--- INFORMATION GIVEN ---

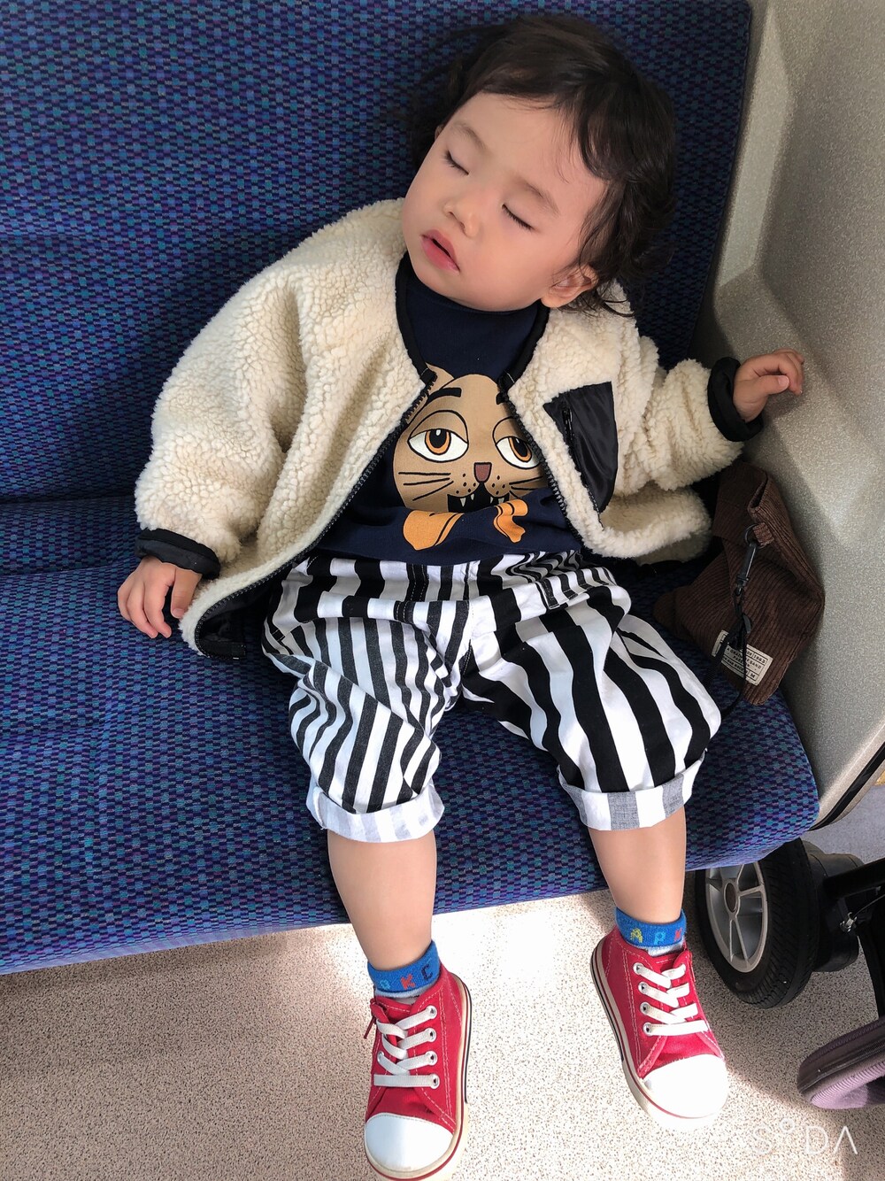 見ていただきありがとうございます⭐️ すやすやタイム😪 電車でおやつ食べたら寝落ちた🍪笑 朝は寒いけど日中はそこそこ暖かい日☀️ 裏起毛で、スウェット1枚でもOKなようにしました🐱💕 ネイビーにストパン合わせがすごい好きで、はい🙋🏼♀️夏にもやってるっていう🤣 冬ver.です⛄️笑 靴も赤合わせどんかぶりです❤️ 靴下はアンパンマン。 顔がにやけて嬉しさが声に出ちゃうくらい好きです🤤←
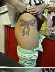 美女大腿经典的黑灰蝴蝶结纹身图片
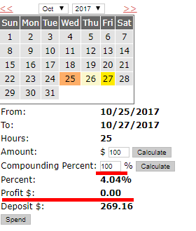 Вся сумма на депозите минус первоначальный депозит? Тогда получается 169,16% за 25 часов?
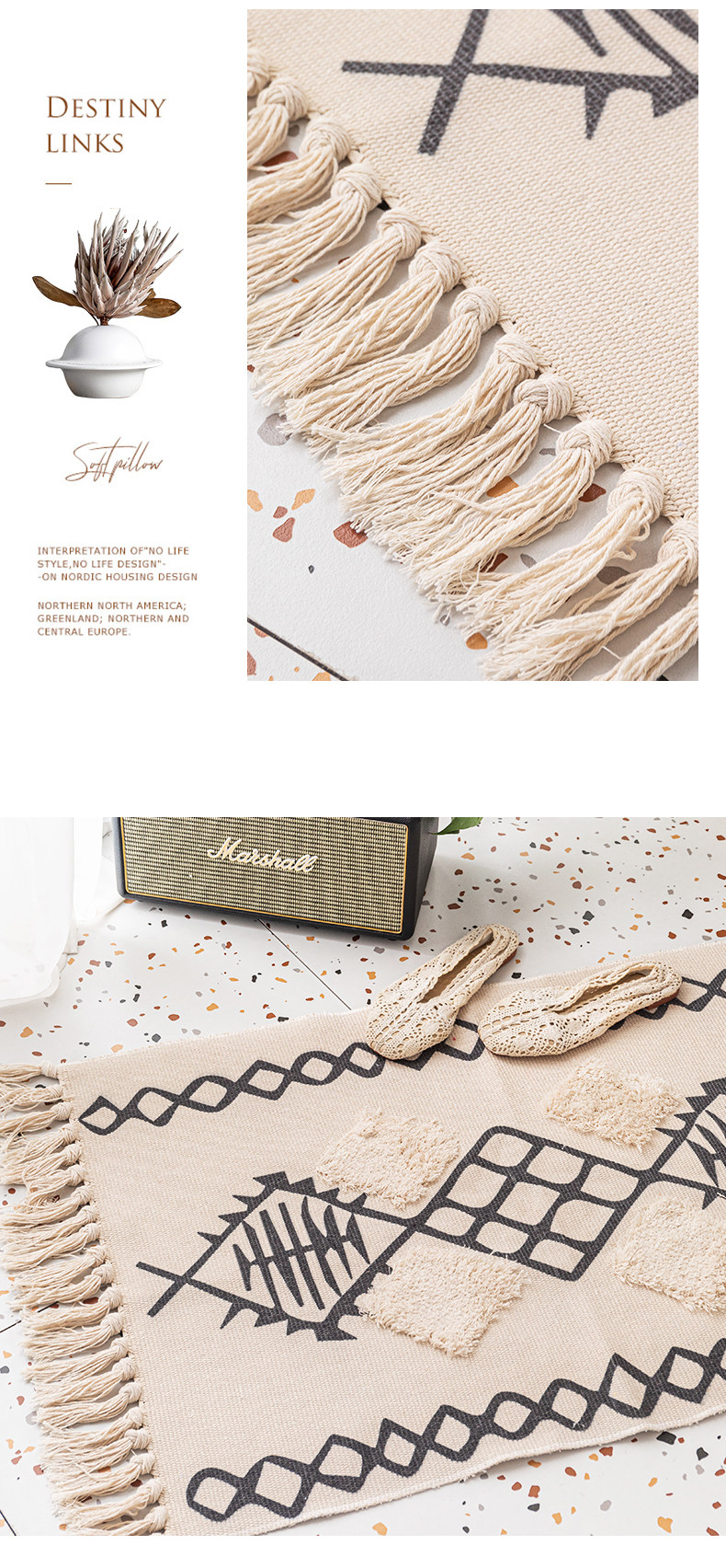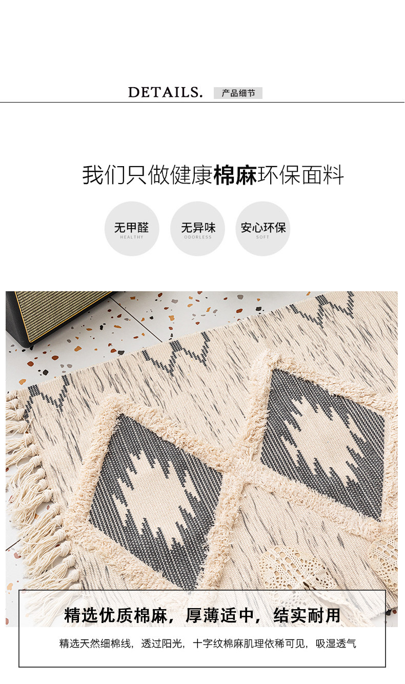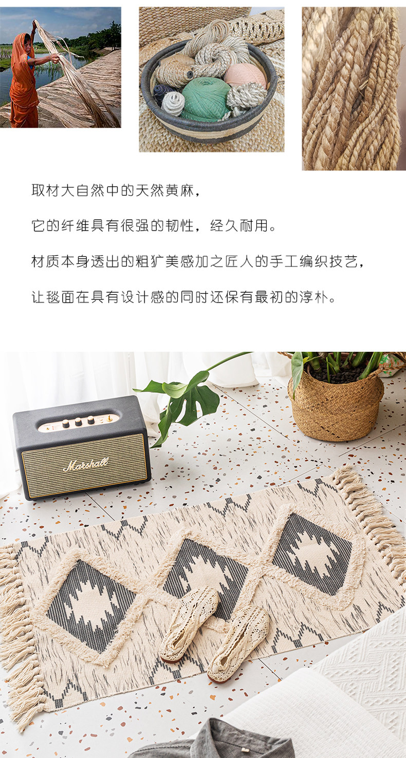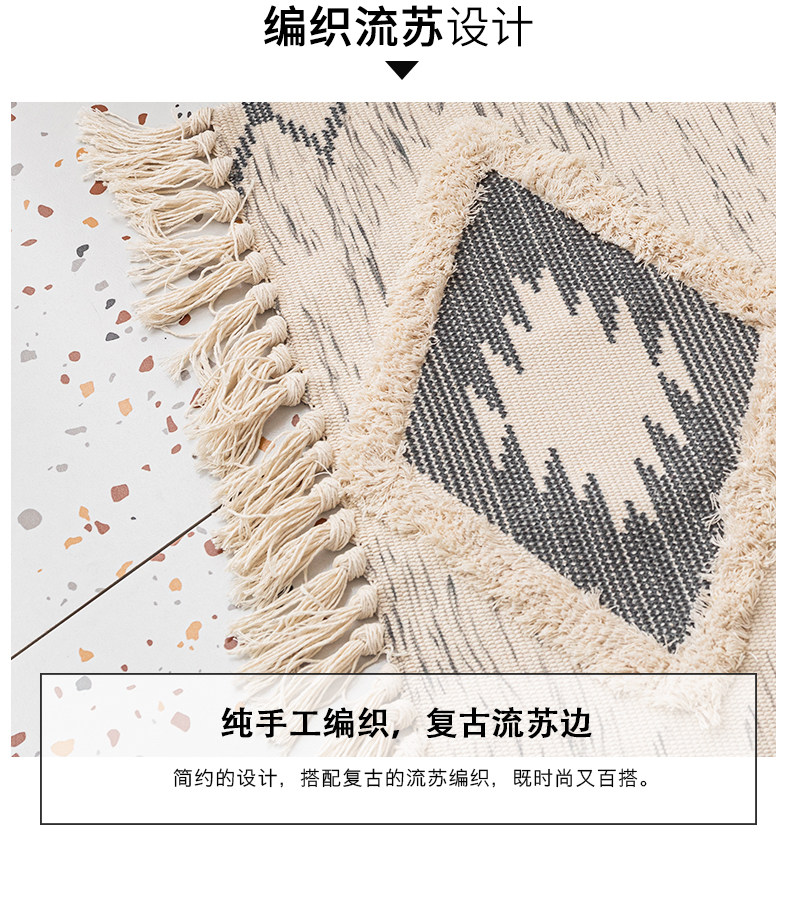 北欧名族风棉麻流苏地垫卧室床边脚垫多功能客厅沙发地毯可机洗
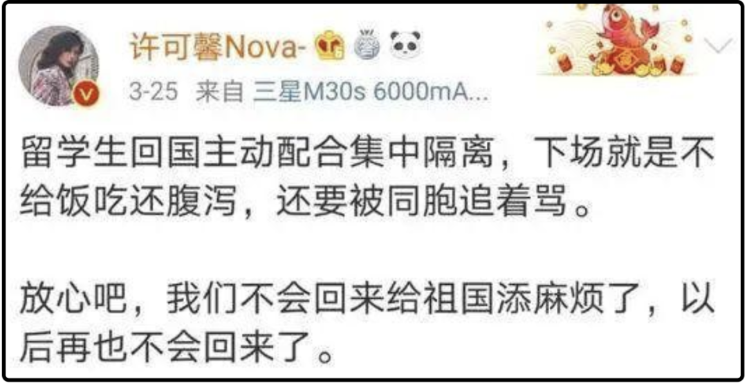 最近的“许可馨事件”的主人公许可馨也是一个典型的例子。很多人说许可馨是“留学巨婴”,其实不然,在疫情期间其言行中对民族的贬低、对祖国的攻击、对同胞的羞辱以及蓄意挑拨海外留学生和祖国情感的行为,是明显带有“精美”和“恨国”成分的。
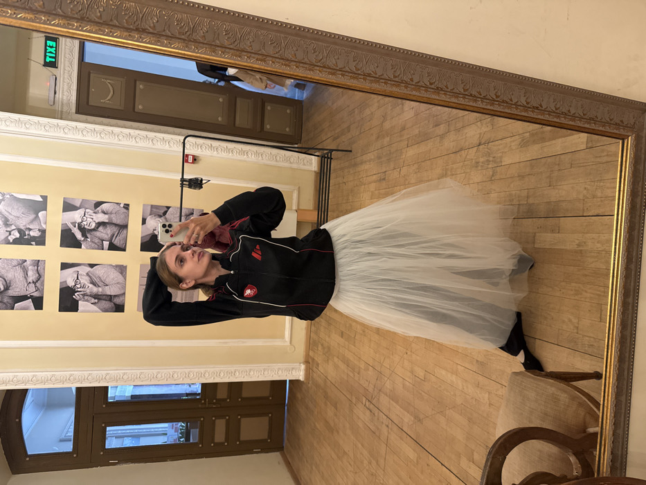 A woman in a black track jacket and white tutu takes a mirror selfie with her phone. The mirror reflects a wooden floor, a portion of a vintage chair, and a hallway with an exit sign. Behind her is a wall adorned with black and white portraits and a large, ornate wooden door. The room appears to be a historical building with intricate architectural details.

---

**EXERCISE BRIEF**
The lines to copy begin at the one containing "北欧名族风棉麻流苏地垫卧室床边脚垫多功能客厅沙发地毯可机洗" and end at the last line of the records. Set down exactly those lines and no others, both ends included, and omit all pictures.

**TASK SOLUTION**
 北欧名族风棉麻流苏地垫卧室床边脚垫多功能客厅沙发地毯可机洗
 最近的“许可馨事件”的主人公许可馨也是一个典型的例子。很多人说许可馨是“留学巨婴”,其实不然,在疫情期间其言行中对民族的贬低、对祖国的攻击、对同胞的羞辱以及蓄意挑拨海外留学生和祖国情感的行为,是明显带有“精美”和“恨国”成分的。
 A woman in a black track jacket and white tutu takes a mirror selfie with her phone. The mirror reflects a wooden floor, a portion of a vintage chair, and a hallway with an exit sign. Behind her is a wall adorned with black and white portraits and a large, ornate wooden door. The room appears to be a historical building with intricate architectural details.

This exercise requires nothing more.